Melanie Deziel, StoryFuel founder and one of the first hires for digital branded content at The New York Times, points to the “press-release mentality” as one cause of stress. Many marketers think – or are pressured from execs to act as if – everything the company does is interesting or newsworthy.

And yet, as Melanie told her audience at Content Marketing World 2018, “The fact that your product comes in a new color doesn’t even begin to register on what (audiences) care about in a day.”

To discover stories that make audiences sit up and listen, Melanie says, find something unique about what you’re doing.

An easy place to start is if you’re working on something that’s truly the first, the biggest, the longest, or another “est.” You also can look for something different or surprising – in the material itself or the way the story is told.

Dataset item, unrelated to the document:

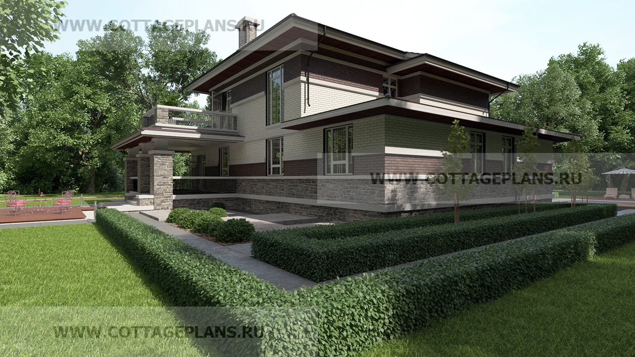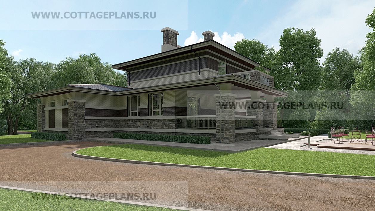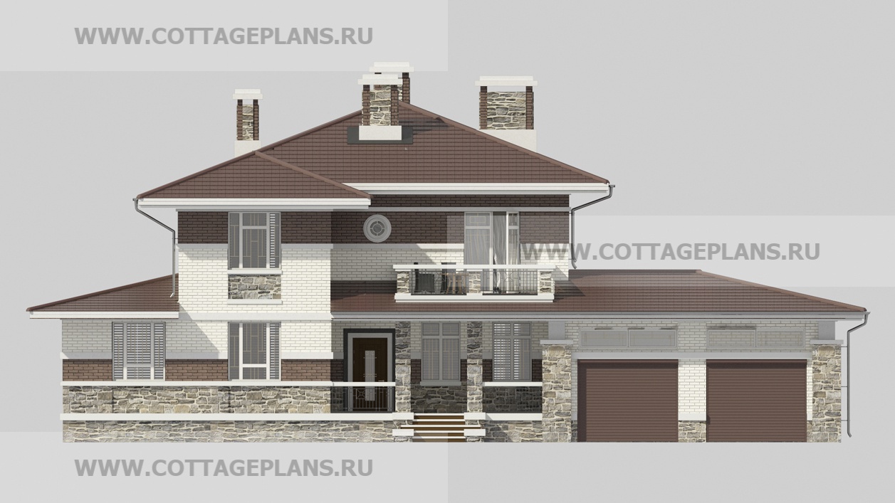 Проект дома 78-39 площадь 450.5 м2* из пеноблоков, газоблоков, двухэтажный, с полноценным вторым этажом меньшей площади, чем первый этаж, с пристроенным гаражом на 2 машины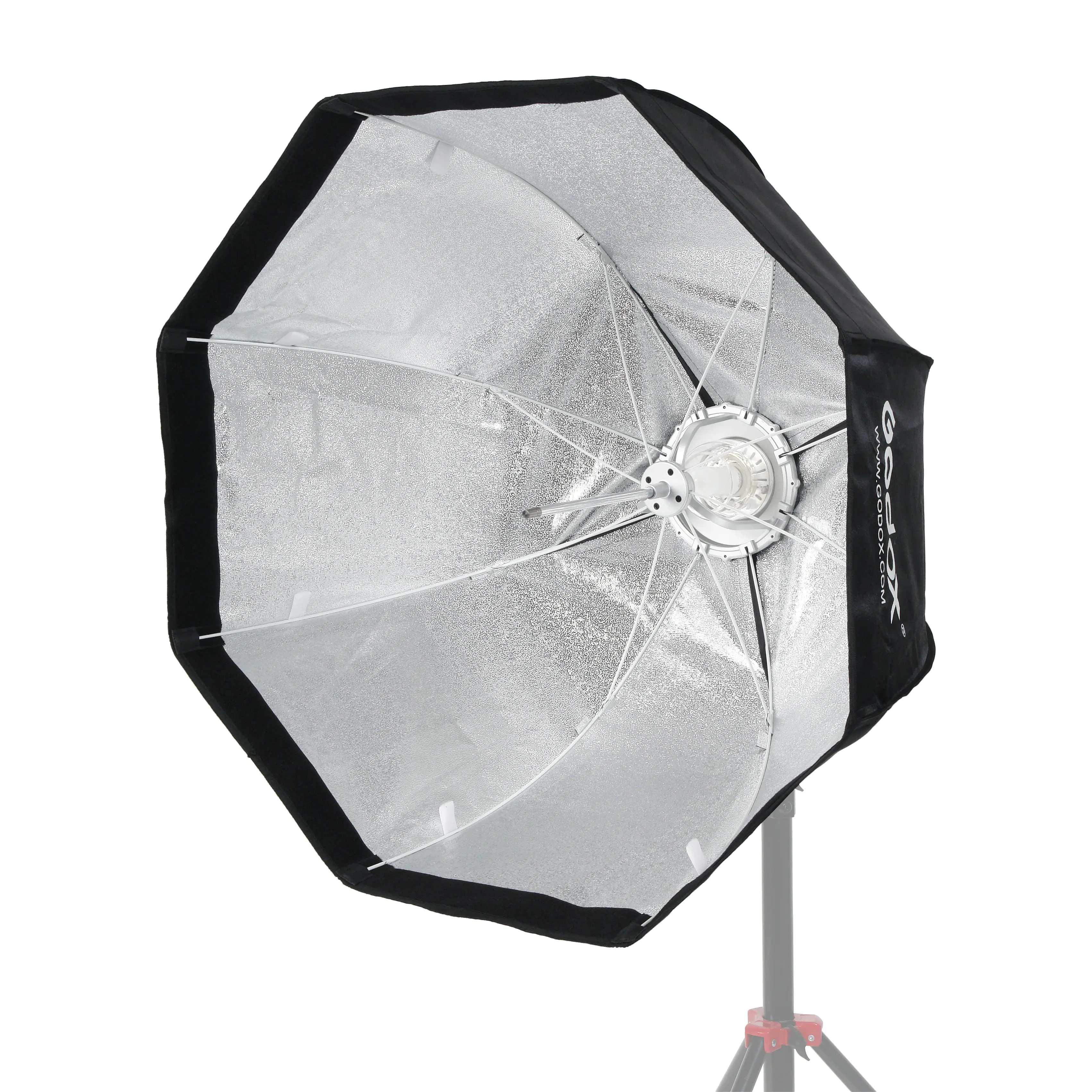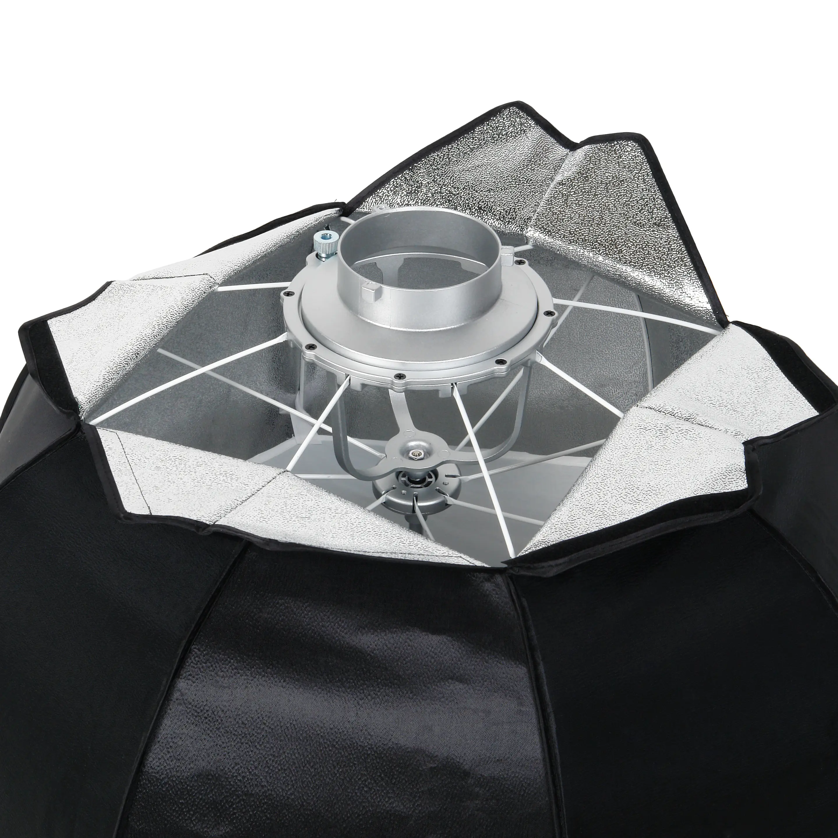Внутренняя серебристая фактурная поверхность обеспечивает равномерное распределение света внутри октобокса.

Think of the quick rise of the “hands-and-pans” cooking videos on social media. Where how-to cooking content previously was written in steps or demonstrated with a cook talking to the camera, BuzzFeed brand Tasty built a huge social following with videos that simply show hands working with ingredients in or on, yes, pans (or pots or bowls, cutting boards, or other vessels).

Many brands, including Food Network, adopted the format, but Tasty earned coverage and credit as the innovator in The New York Times, The New Yorker, and other publications.

Serial (a podcast spinoff of This American Life) is another example. Although true-crime stories abound in network television, documentaries, and publishing, the newness of the format combined with a story filled with as many questions as answers earned more than 175 million downloads for its first season. It dominated watercooler conversations for months and eventually earned a spoof on Saturday Night Live.

2. Use questions to keep people hooked

Questions are the lifeblood of all effective stories. At the beginning of the process, asking the right questions can help you figure out whether the story will matter to your audience.

Michelle Park Lazette honed her storytelling instincts as a reporter at local newspapers and business publications. Now that she’s a senior writer for the Federal Reserve Bank of Cleveland, she relies on her journalism training to evaluate story ideas and then craft the right ones to meet the bank’s needs.

Michelle shared these story-vetting questions in her talk at Content Marketing World 2018:

  • Who should care about this? Is your audience part of the set of people the story will matter to?
  • When did this begin? If you’re suggesting a story about something that happened a few years ago, does it still matter?
  • Why does this story matter now? What makes it timely now versus last year or next year?

The idea, Michelle says, is to help readers find the “so what,” the potential impact to them and what to do about it.

Questions help you decide whether you have a story in the first place. Then, when you start creating the story, questions keep people interested. That’s because they create what Andrew Davis calls “the curiosity gap,” the idea that we, meaning all humans, want to “fill the void between what we know and what we want to know.”